(Beginning of RECORDED DATA)
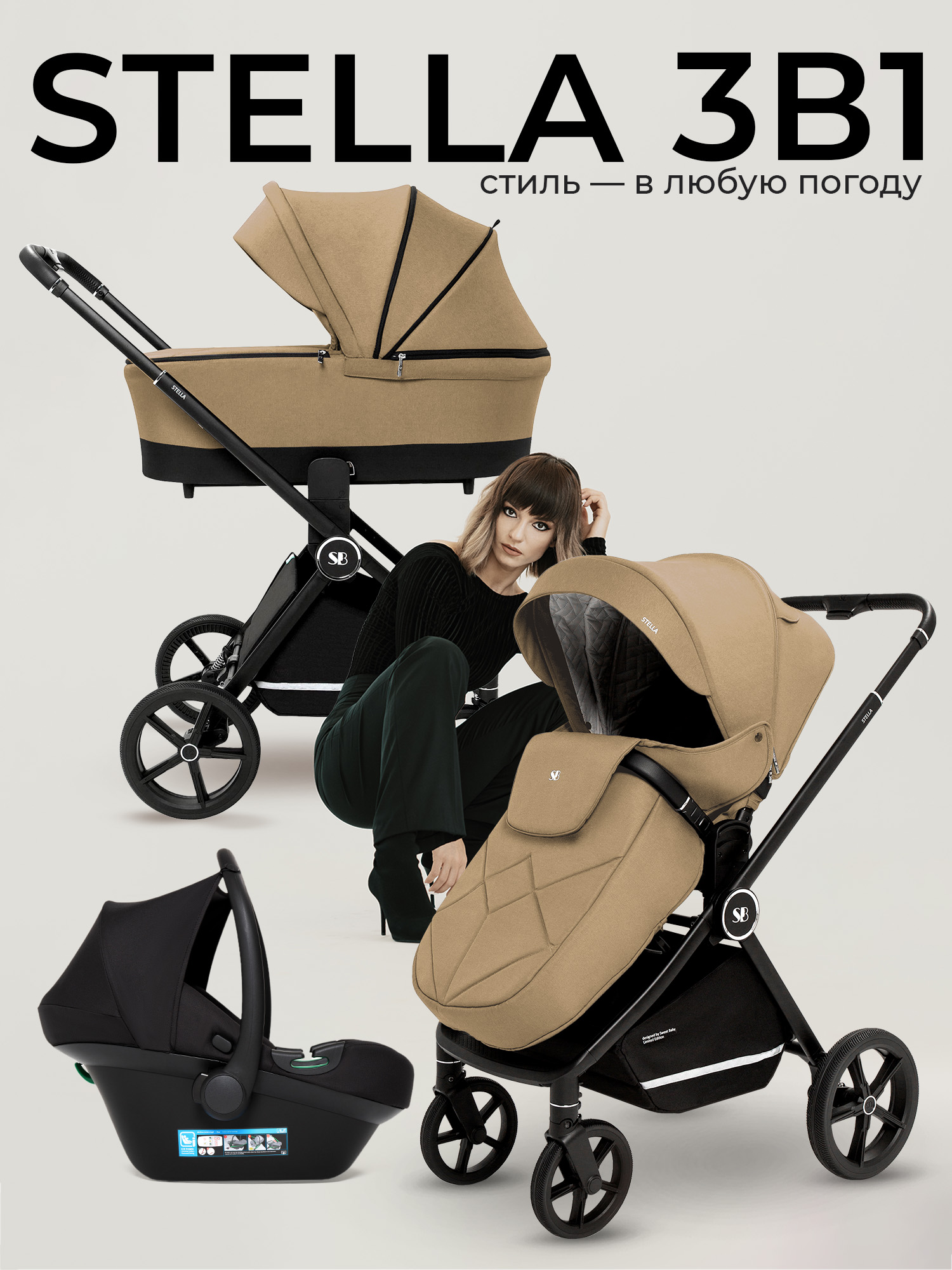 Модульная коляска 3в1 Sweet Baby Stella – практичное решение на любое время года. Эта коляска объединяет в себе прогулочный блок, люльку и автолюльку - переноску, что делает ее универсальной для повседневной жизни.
(End of RECORDED DATA)
(Beginning of RECORDED DATA)
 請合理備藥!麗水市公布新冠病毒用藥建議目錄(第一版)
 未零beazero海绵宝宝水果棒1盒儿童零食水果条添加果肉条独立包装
(End of RECORDED DATA)
(Beginning of RECORDED DATA)
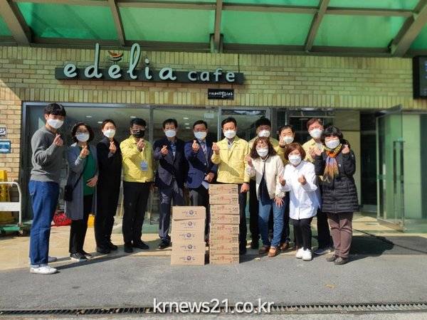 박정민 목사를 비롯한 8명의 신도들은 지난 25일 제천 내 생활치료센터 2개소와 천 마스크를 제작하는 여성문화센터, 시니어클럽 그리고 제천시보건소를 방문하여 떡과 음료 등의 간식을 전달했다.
(End of RECORDED DATA)
§ YOUR INSTRUCTIONS
Please, from the entries above, set down exactly the lines from the one containing "請合理備藥!麗水市公布新冠病毒用藥建議目錄(第一版)" through the one containing "未零beazero海绵宝宝水果棒1盒儿童零食水果条添加果肉条独立包装", and only those.

§ RESULT OF THE EXERCISE
 請合理備藥!麗水市公布新冠病毒用藥建議目錄(第一版)
 未零beazero海绵宝宝水果棒1盒儿童零食水果条添加果肉条独立包装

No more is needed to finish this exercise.